The research video shows the email system repeatedly forwarding a message. Furthermore, the researchers claim that data might be extracted from emails. according to Nassi Confidential information might include names, phone numbers, credit card details, Social Security numbers, and anything else that is deemed sensitive, according to Nassi.
Even if the study compromises ChatGPT and Gemini’s security features, the authors claim their findings serve as a cautionary tale about “bad architecture design” in the AI industry at large. However, they did notify Google and OpenAI of their discoveries. Developers should “use methods that ensure they are not working with harmful input.” An OpenAI representative stated, “They appear to have found a way to exploit prompt-injection type vulnerabilities by relying on user input that hasn’t been checked or filtered.” The firm is aiming to make its systems “more resilient.” Google chose not to address the study’s findings. The researchers at the company wanted to meet to discuss the matter, according to Nassi.
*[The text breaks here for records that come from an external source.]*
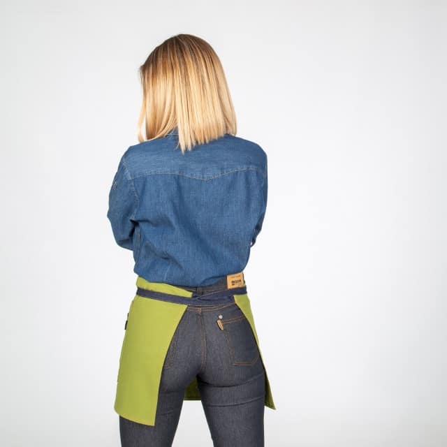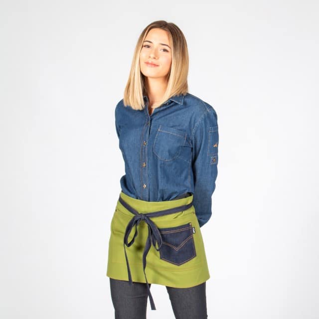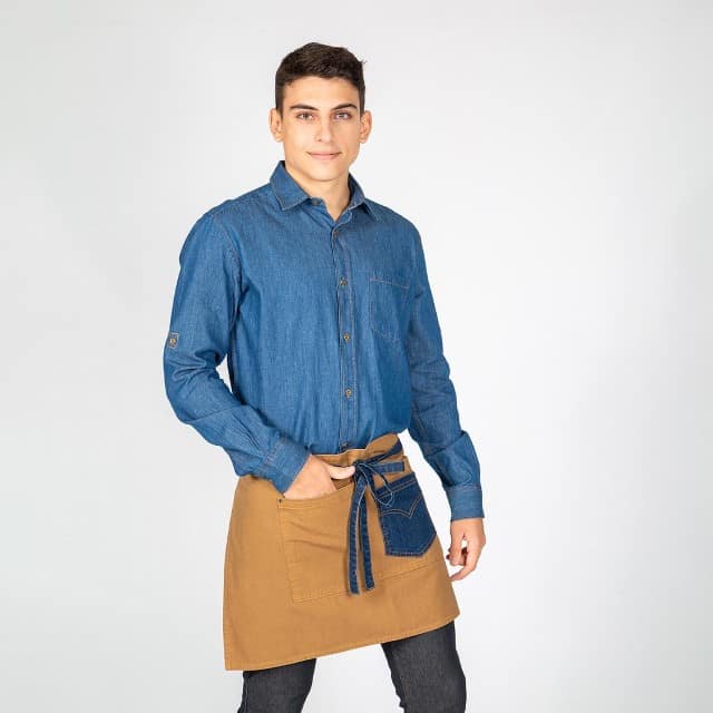 - Descripción: Delantal corto con tres bolsillos delanteros. Modelo perteneciente a nuestra gama REDLINE, confeccionado en CANVAS de color albero o verde oliva, combinado en tejano añil. Ideal para uniforme de bares, restaurantes, cafeterías, chefs o comercios.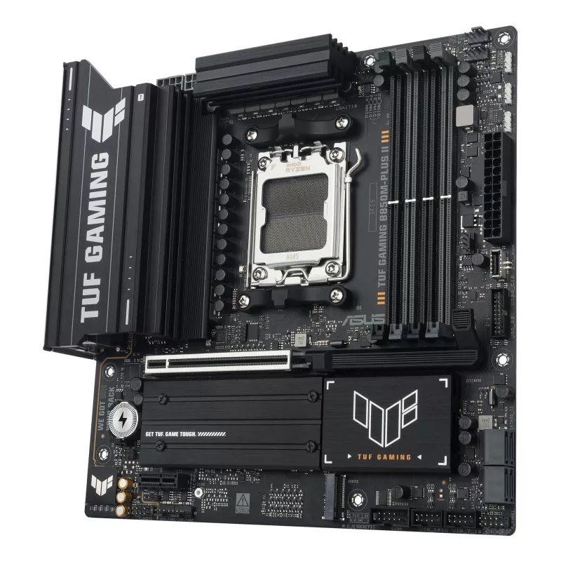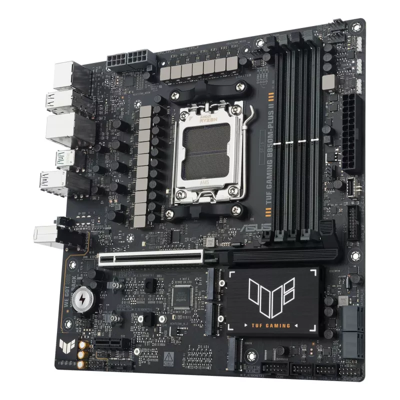 ASUS TUF GAMING B850M-PLUS II. PROCESSOR MANUFACTURER: AMD, PROCESSOR SOCKET: SOCKET AM5, COMPATIBLE PROCESSOR SERIES: AMD RYZEN 7000 SERIES, AMD RYZEN 8000 SERIES, AMD RYZEN 9000 SERIES. SUPPORTED MEMORY TYPES: DDR5-SDRAM, MAXIMUM INTERNAL MEMORY: 256 GB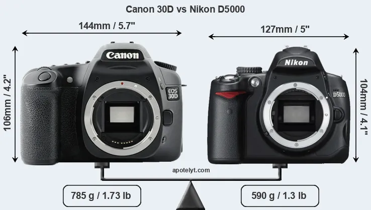 The physical size and weight of the Canon 30D and the Nikon D5000 are illustrated in the side-by-side display below. The two cameras are presented according to their relative size. Three consecutive views from the front, the top, and the rear side are shown. All width, height and depth measures are rounded to the nearest millimeter.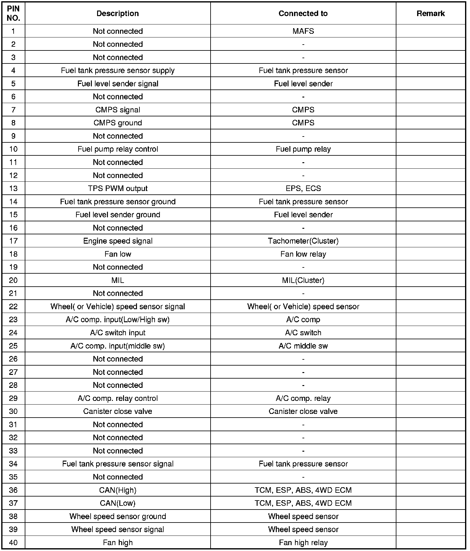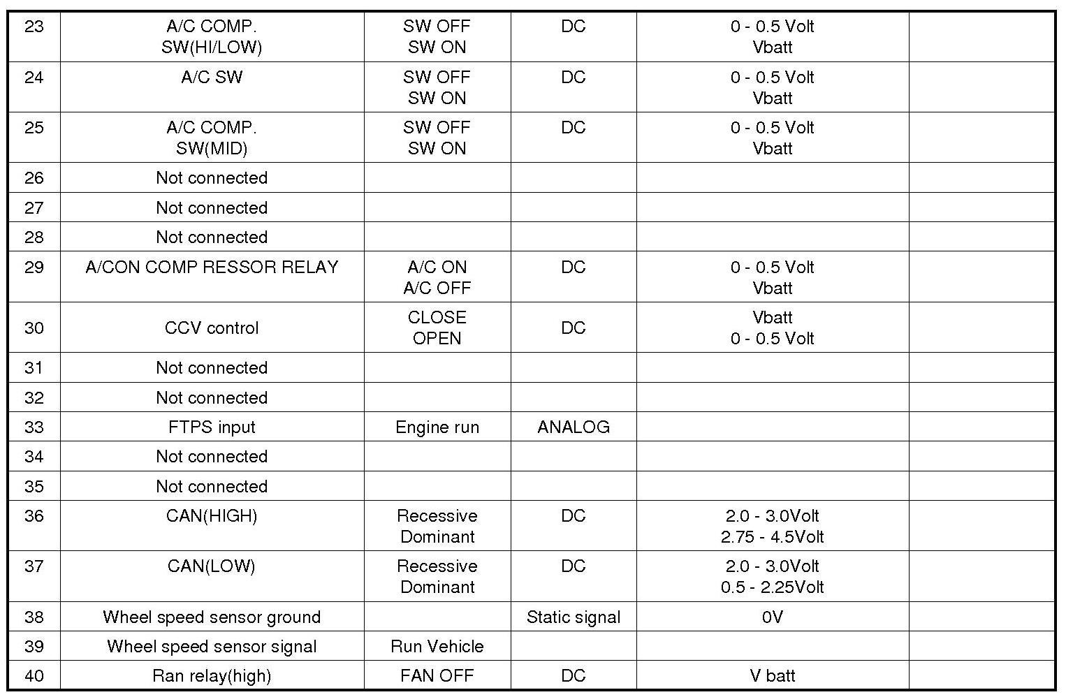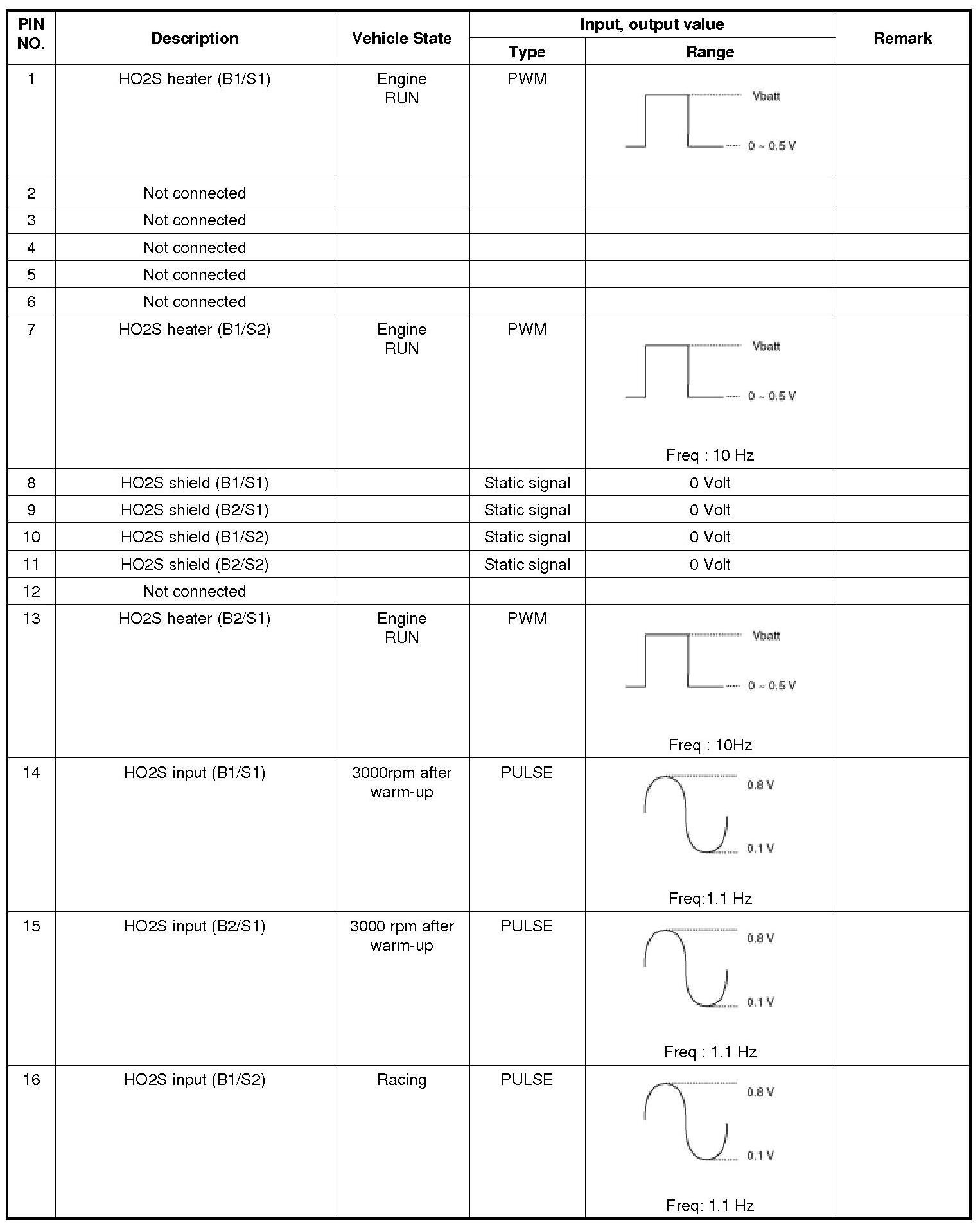 3. ECM Terminal Input/output Signal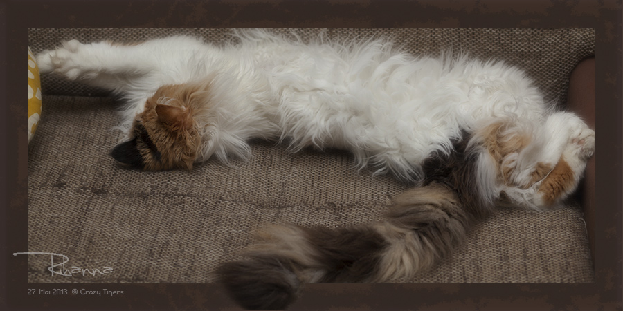 Bei diesem "Sauwetter" liegt auch Candy Kiss faul und lustlos in der Kratzbaumschale.

Even though the worm is only shown in a controlled setting, many security experts who looked over the study warned that developers should be worried about generative AI worms in the future. This is especially true when users authorize AI apps to do things like send emails or schedule meetings on their behalf and when those apps are linked to different AI agents to carry out the tasks. Separately, security experts in China and Singapore demonstrated a method to jailbreak a million LLM agents in less than five minutes.
An expert from Germany’s CISPA Helmholtz Center for Information Security, Sahar Abdelnabi, who was involved in the initial trials of LLM prompt injections in May 2023 and brought attention to the possibility of worms, warns that worms could spread when AI models incorporate data from external sources or when AI agents are allowed to work independently. In his opinion, “the idea of spreading injections is very plausible,” states Abdelnabi. What matters most is the nature of the applications that make use of these models. Such an assault may not remain theoretical for much longer, according to Abdelnabi, who notes that it is currently being simulated.
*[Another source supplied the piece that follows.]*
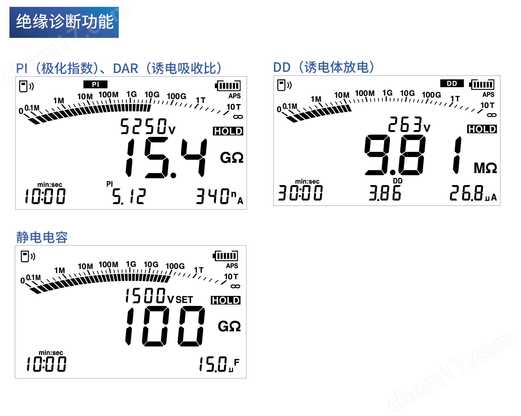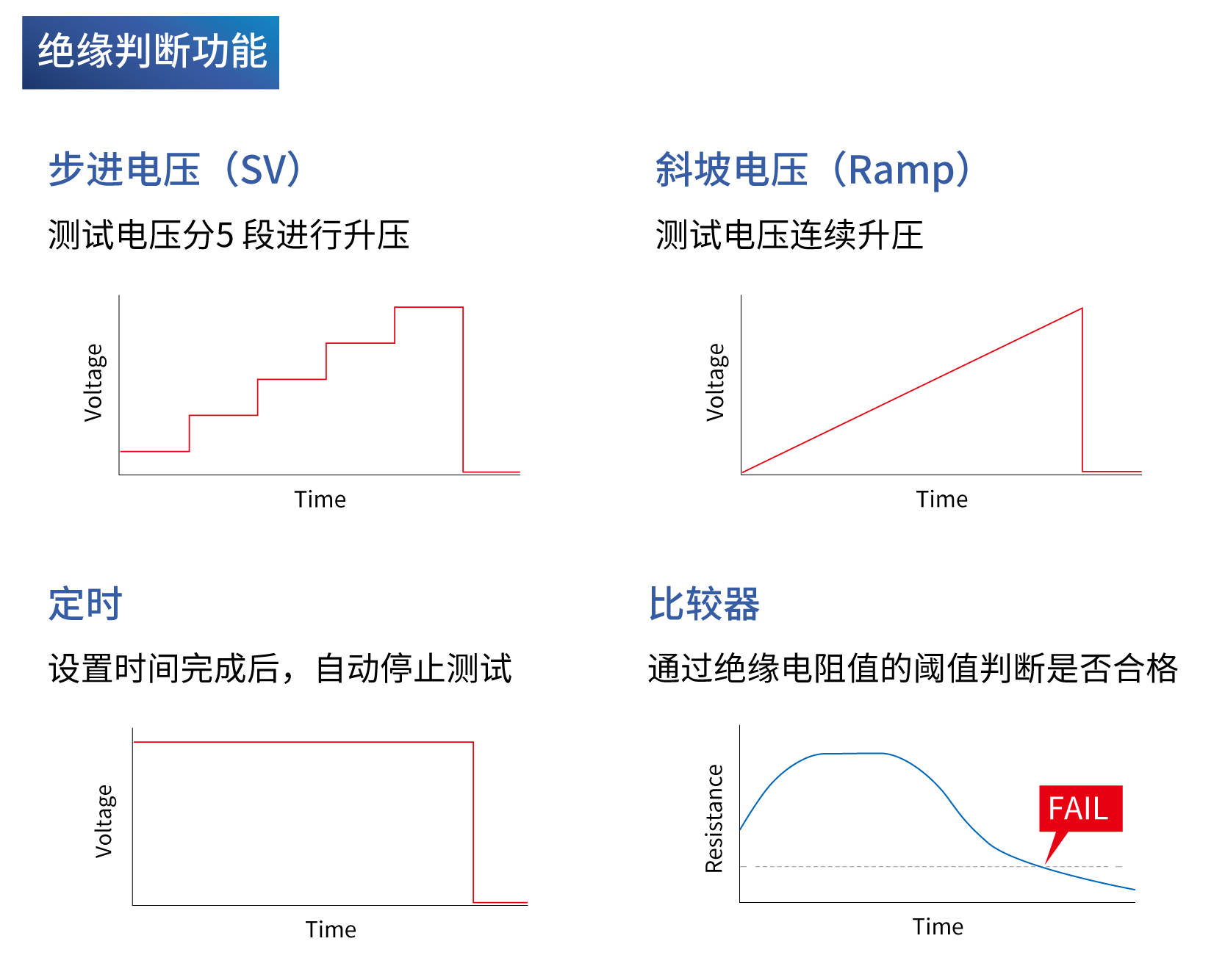 | 绝缘判断功能 | PI, DAR, DD, SV, Ramp, Timer |

Nassi and colleagues predicted the release of generative AI worms into the wild over the next 2-3 years in a research article detailing their discoveries. The research document states that several businesses in the sector are developing GenAI ecosystems and integrating GenAI abilities into automobiles, smartphones, and operating systems.
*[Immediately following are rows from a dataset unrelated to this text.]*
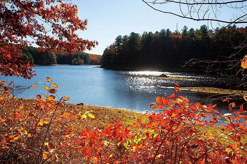 Nel punto più alto del Mohawk State Park, il belvedere di 1.683 piedi offre viste panoramiche sui Berkshire sottostanti, ricoperti dalle sfumature della stagione. A circa 10 minuti a ovest, è possibile ammirare scene spettacolari anche all'Husatonic Meadows State Park. Lungo la strada, attraverserai lo storico ponte coperto della Cornovaglia occidentale, un affascinante punto di riferimento locale incorniciato da alberi dorati in autunno. Successivamente, le escursioni a Housatonic Meadows come il Pine Knob Loop Trail sono un must se desideri la vista migliore. Questo trekking breve ma impegnativo premia gli escursionisti con panorami mozzafiato sopra la valle del fiume punteggiata da alberi.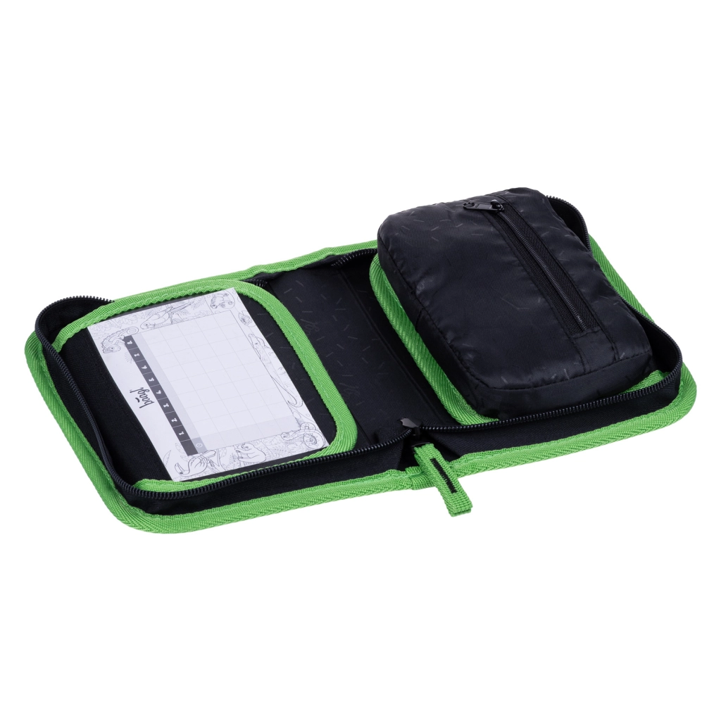 Kakovostna zadrga YKK zagotavlja dolgo življenjsko dobo tudi pri vsakodnevni uporabi. V notranjosti najdete žepček za drobnarije, okence za urnik in čvrste elastike, ki varno držijo tudi trikotne barvice in flomastre. Peresnik je dobavljen brez polnila in je izdelan iz recikliranega materiala – prijazna izbira za starše in planet.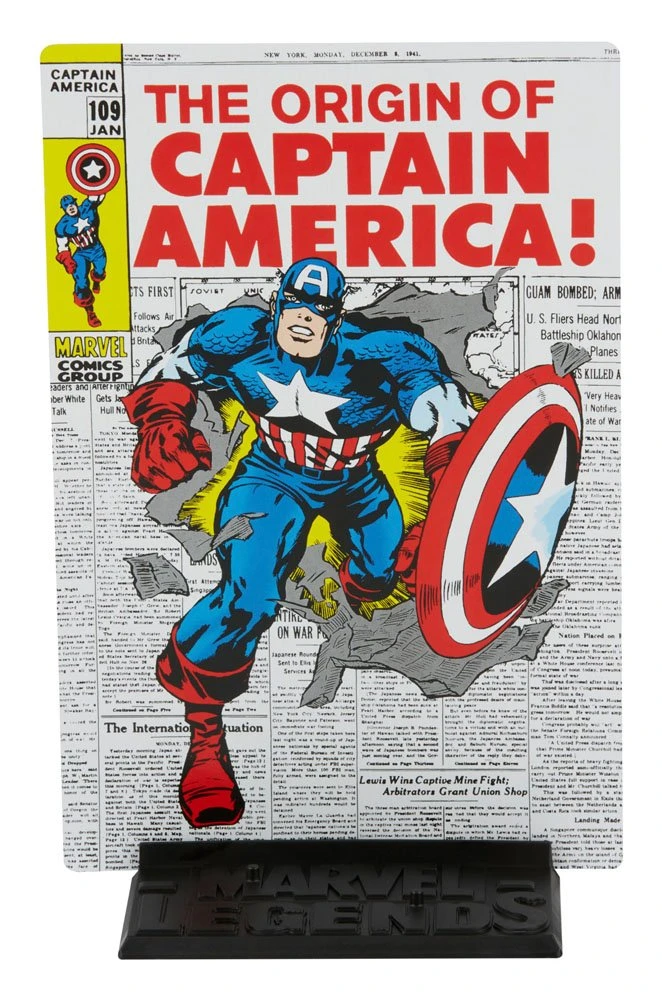 La figura del Capitán América de la Serie 1 viene con nada menos que 14 accesorios y un fondo reversible inspirado en los cómics, para que la exhibas.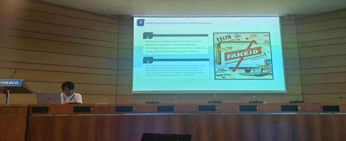 (赵云赫同学围绕“当人工智能生成的假新闻来袭:年轻人如何构建信息防火墙”进行发言。)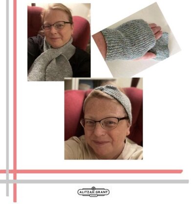This pattern is for absolute beginners. There are 3 delightfully simple patterns in glorious garter stitch that need no shaping. The mitts and head band come in small, medium, large and the scarf is one size.

Nevertheless, there are techniques to protect generative AI systems from worms, such as implementing typical security measures. Researcher Adam Swanda of the artificial intelligence (AI) corporate security company Robust Intelligence thinks that “proper secure application design and monitoring could address parts of” with many of these concerns. For the most part, you shouldn’t place your faith in LLM results in any part of your program.
Another important measure that may be taken, according to Swanda, is to keep humans informed. This means making sure that AI agents cannot act without human consent. Nobody wants an LLM reading their email and then being allowed to send another one. Some kind of limit ought to be in place there. Swanda claims that its techniques will generate a great deal of “noise” and would be easily detectable if a prompt had been repeated thousands of times within Google and OpenAI.
Both Nassi and the study restate numerous strategies for reducing risks. According to Nassi, creators of AI assistants should be mindful of the potential dangers. His advice is to “get a handle on this” and determine if your company’s environment and apps are evolving by any of these models. “Because if they do, this needs to be taken into account.”